● Exercise details
Write out the listing from the line with "- Under Employee" to the line with "xaviera Long Sleeve", both lines included, exactly and nothing beyond. Leave pictures out.

● Data in this exercise

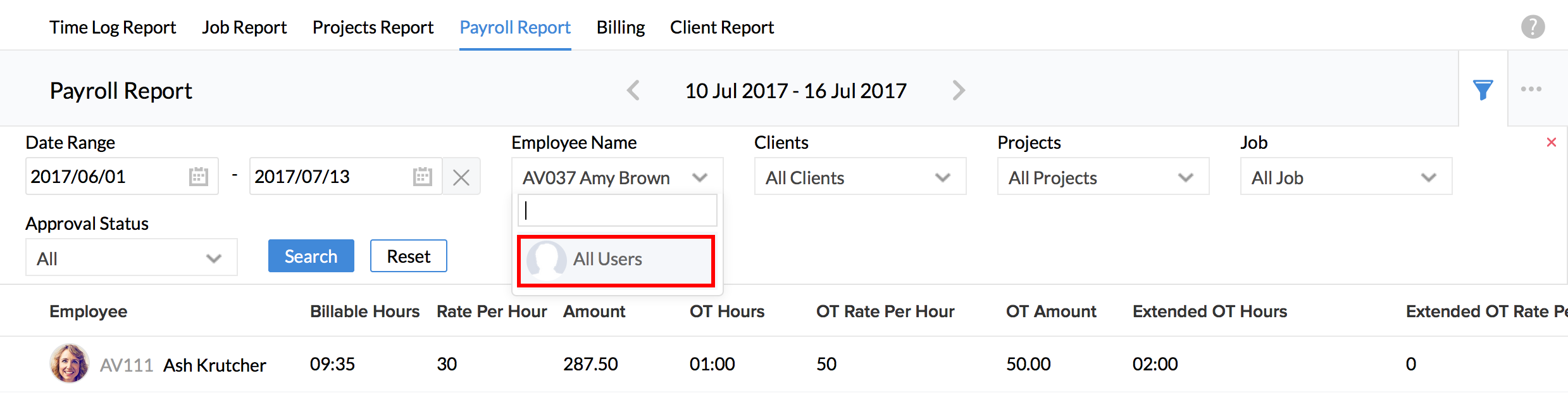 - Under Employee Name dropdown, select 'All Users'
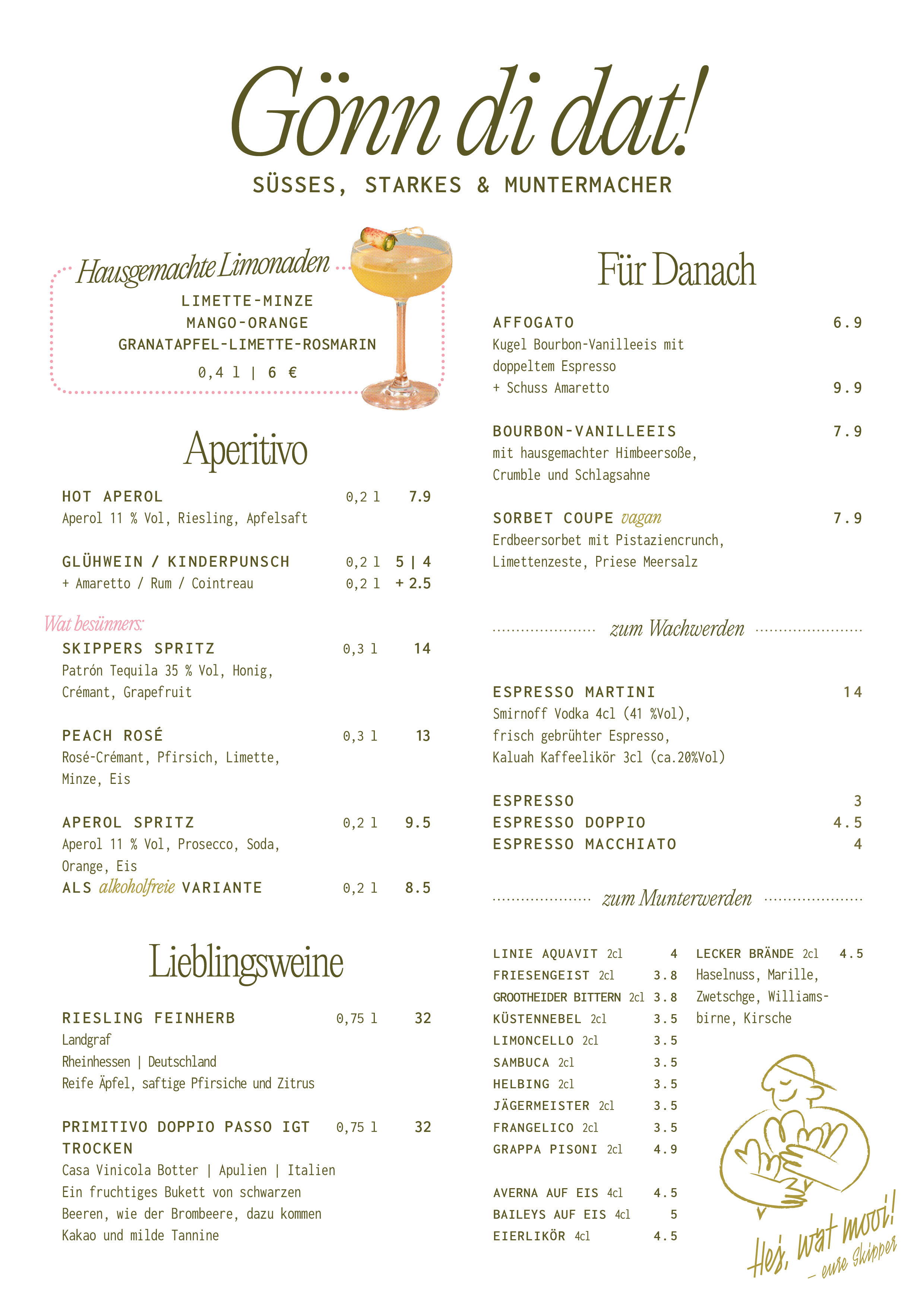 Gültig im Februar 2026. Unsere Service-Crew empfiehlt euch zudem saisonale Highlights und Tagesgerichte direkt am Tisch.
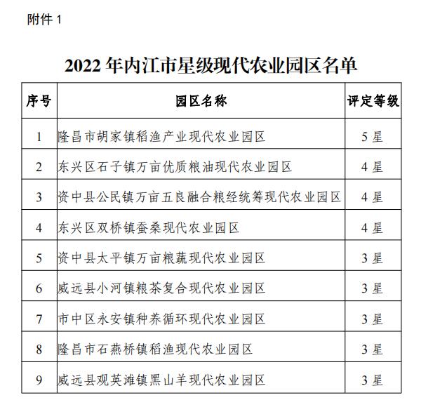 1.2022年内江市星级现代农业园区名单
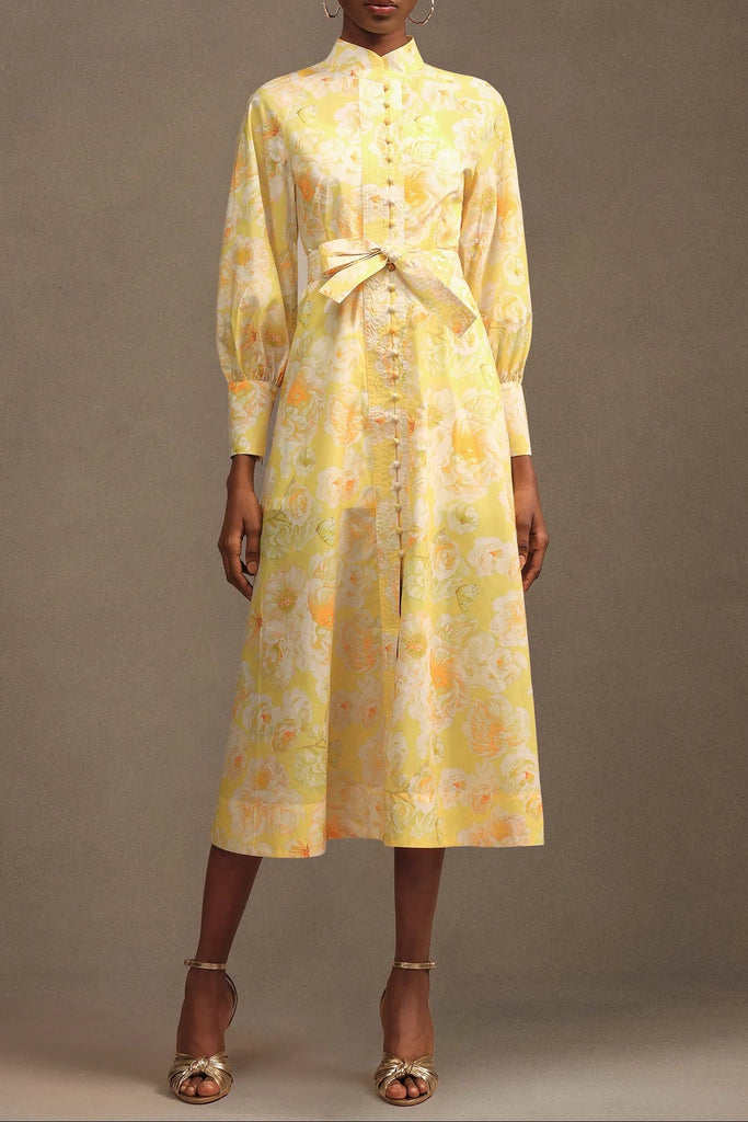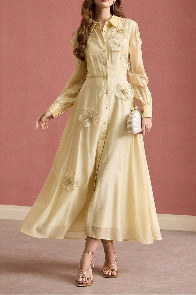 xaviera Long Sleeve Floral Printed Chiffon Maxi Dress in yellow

...

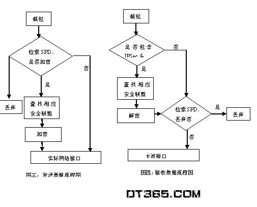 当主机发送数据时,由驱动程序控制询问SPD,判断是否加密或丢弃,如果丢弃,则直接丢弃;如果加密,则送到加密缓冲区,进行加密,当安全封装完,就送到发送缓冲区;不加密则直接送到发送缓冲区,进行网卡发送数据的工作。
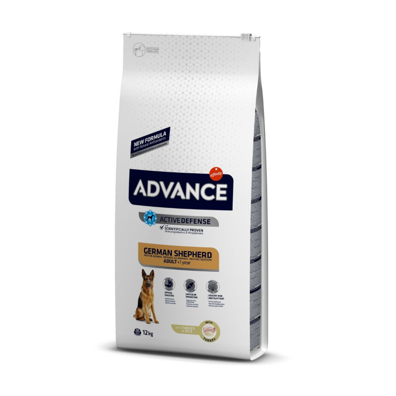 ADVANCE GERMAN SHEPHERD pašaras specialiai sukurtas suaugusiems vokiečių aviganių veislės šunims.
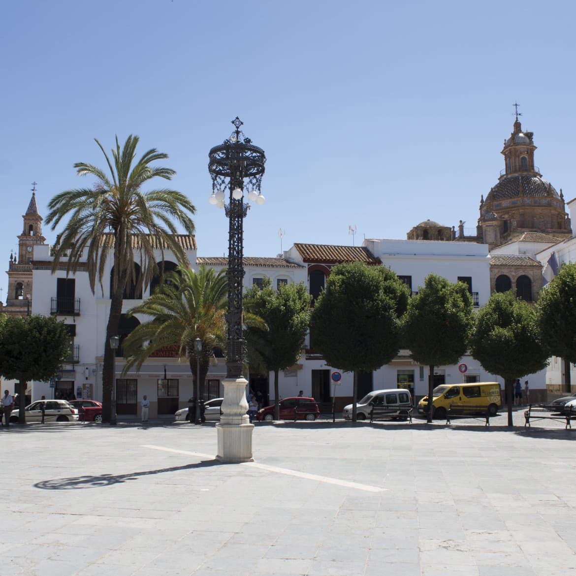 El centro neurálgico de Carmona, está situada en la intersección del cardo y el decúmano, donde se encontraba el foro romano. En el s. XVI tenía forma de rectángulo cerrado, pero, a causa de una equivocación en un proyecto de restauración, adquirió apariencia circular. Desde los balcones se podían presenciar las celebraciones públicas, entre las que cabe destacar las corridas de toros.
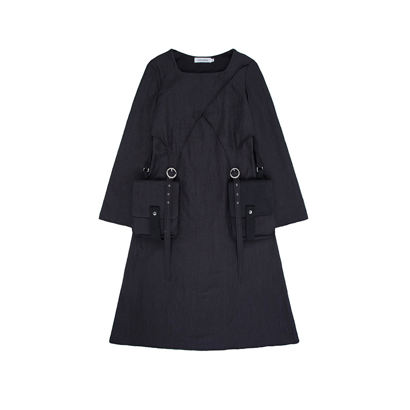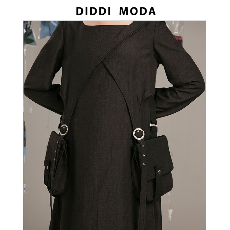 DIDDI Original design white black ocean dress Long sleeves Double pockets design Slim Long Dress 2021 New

● Solution for this problem
 - Under Employee Name dropdown, select 'All Users'
 Gültig im Februar 2026. Unsere Service-Crew empfiehlt euch zudem saisonale Highlights und Tagesgerichte direkt am Tisch.
 1.2022年内江市星级现代农业园区名单
 xaviera Long Sleeve Floral Printed Chiffon Maxi Dress in yellow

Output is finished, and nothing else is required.